The ELSE isn't necessary, on account of the break.  It will be optimized out.
Comment 11 D. Stussy 2008-06-02 15:06:44 UTC
Fix the multiple address & address family match issue:

modules/proxy/proxy_util.c	(working copy)
+        if (conf->bindopt_set) {
+            const int idx = conf->bind_idx;
+            const int range = conf->bind_range;
+            const int start = conf->bind_port;
+            for(int i = 0; i < range; ++i) { /* loop until we can bind correctly*/
+                int port = start + ((idx + i) % range);
+                ap_log_error(APLOG_MARK, APLOG_DEBUG, 0, s, "proxy: %s: trying to bind to %s:%u",
+                        proxy_function, conf->bind_addr,port, NULL);
+
++		 for (local_addr = conf->bind_addr; local_addr ; local_addr = local_addr->next) {
+
++		     if (local_addr->family != backend_addr->family) continue;
+
+                    local_addr->sa.sin.sin_port = htons(port);
+                    local_addr->port = port;
+
+                    if ((rv = apr_socket_bind(newsock, local_addr)) == APR_SUCCESS) {
+                        ap_log_error(APLOG_MARK, APLOG_DEBUG, 0, s, "proxy: %s: bound to %s:%u",
+                                proxy_function, conf->bind_addr, local_addr->port, NULL);
+                        conf->bind_idx = i + 1;
++                       goto escape;	/* break from TWO loops */
++                   } 
+                    ap_log_error(APLOG_MARK, APLOG_DEBUG, 0, s, "proxy: %s: not bound to %s%u",
+                            proxy_function, conf->bind_addr, local_addr->port, NULL);
+                }
+            }
+            if (rv != APR_SUCCESS) {
+                ap_log_error(APLOG_MARK, APLOG_ERR, 0, s, "proxy: %s: can not bind to %s:%u+%u",
+                        proxy_function,conf->bind_addr, conf->bind_port, conf->bind_range, NULL);
+                return DECLINED;
+            }
+        }
++escape:

Instead of the goto, one could add "&& (rv != APR_SUCCESS)" to the conditional of both loops.
Comment 12 D. Stussy 2008-06-02 15:17:25 UTC
Parser - afterthought:

++   psf->bind_range = min( port ? MIN_RANGE : 1, r + 1 );
 should be:
++   psf->bind_range = port ? min( MIN_RANGE, r + 1 ) : 1;

If port == 0, r == 0 also, so we don't have to evaluate "min(1,1)".
Comment 13 rahul 2008-06-02 22:40:57 UTC
(In reply to comment #10)
> 1)  "Range" value:  Checking for (r < 1) needs to be done(*).  It's possible
> that an admin could specify "ip:port+-range" and get a negative value.  Noting
> that a range of zero is "not useful," perhaps we need to set a minimum value
> for the range parameter?  In current parsing, not specifying a range at all
> does default it to a single port.  The question is:  What is a suitable
> default?  I'm thinking that it could be one of the following:

My thinking is that if the admin did not specify a range, and a port is given, then it is a configuration error, as there is a good chance that the admin did not understand the implications of restricting the port to a single value. (Note that Admin can still force the issue by setting port+0 as range if he wants it.)

On the other hand, if a port was not specified, then the system selects a free port for us so a second try is not needed any more.
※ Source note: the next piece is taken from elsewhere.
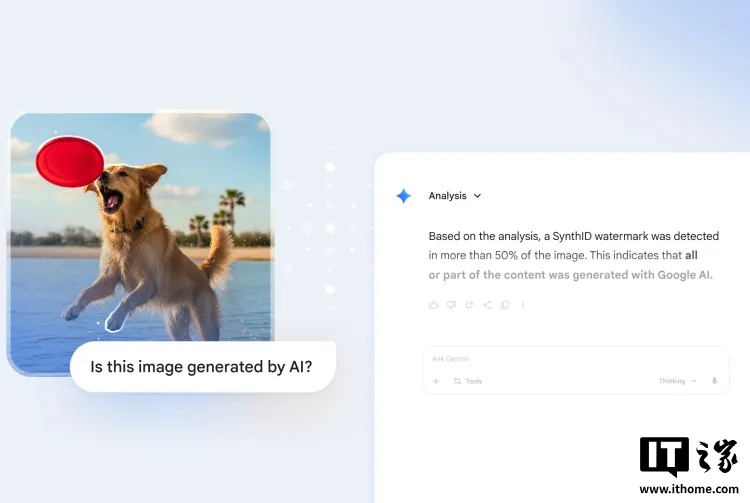 IT之家 11 月 20 日消息,谷歌正让 Gemini 用户能更轻松地检测部分 AI 生成内容。即日起,用户可以使用 Gemini 应用来判断一张图片是否由谷歌的 AI 工具创作或编辑,只需问 Gemini“这是 AI 生成的吗?”即可。

This is the reason bind_range is set to 1 in this case.

 
> 2)  "Address" value:  In the latest version, we're storing the address(es)
> returned by the apr_sockaddr_info_get() function.  By itself, I don't have a
> problem with that and thought that something like that should be done. 
> However, there are two issues with the step:
> 
> a)  We're fixing an address, but haven't checked to see if it was the ONLY
> address that the hostname resolved to.  In my original suggestion, we would
> need to make certain that DNS resolution produces a unique address (for a given
> address family).  I'm willing to DROP THAT REQUIREMENT, but then we must note
> in the documentation that should a hostname resolve to more than one address,
> all addresses returned may be used.  Dropping the uniqueness requirement per AF
> does make the parsing code simpler.  (If dropped, I think parsing might be
> finished.)
> 
> b)  Should there be multiple addresses because there's multiple address
> families (e.g. IPv4 and IPv6), we need to try an address in the same family as
> the destination.  It would be a problem if we store the IPv6 address (as first)
> and try to reach an IPv4-only site when we ignore the IPv4 address available
> for the hostname we're binding to because we're not looping through the
> alternatives.  Apr_sockaddr_info_get() is returning ALL matching addresses, but
> in proxy_util.c, it looks as if we're using only the first one and not checking
> to see if we have a reachable address family combination of source and
> destination, and when not, trying another address/AF combination.  Since at a
> point before the patch, we've already set "backend_addr" (the destination) and
> have "backend_addr->family" available, I think we need to compare these:
> 
> +                local_addr = conf->bind_addr;
> >> if (backend_addr->family != local_addr->family) { /* connection won't work */
>       TRY ANOTHER ADDRESS from bind_addr, if available.
> We may need another loop beyond the port+range loop.  Inner loop or outer is
> your choice, but I think an inner loop is more efficient.
> 
> c)  Should we pass the port value to apr_sockaddr_info_get()?  I don't think it
> makes a difference, but if I remember getaddrinfo() correctly (called 2
> routines deep from here), it may - in that it allows us to filter out certain
> returns of information.  (Cf. - bug reported for INN 2.4.3 that was returning
> each IP address 3 times -
> http://groups.google.com/group/news.software.nntp/browse_thread/thread/260a927ec3f5686c/bf6d6d2854dfb0ae?#bf6d6d2854dfb0ae
> ).  I note that the fix for the INN bug is already in the Apache code, but
> maybe the port number is also needed to avoid the duplication issue?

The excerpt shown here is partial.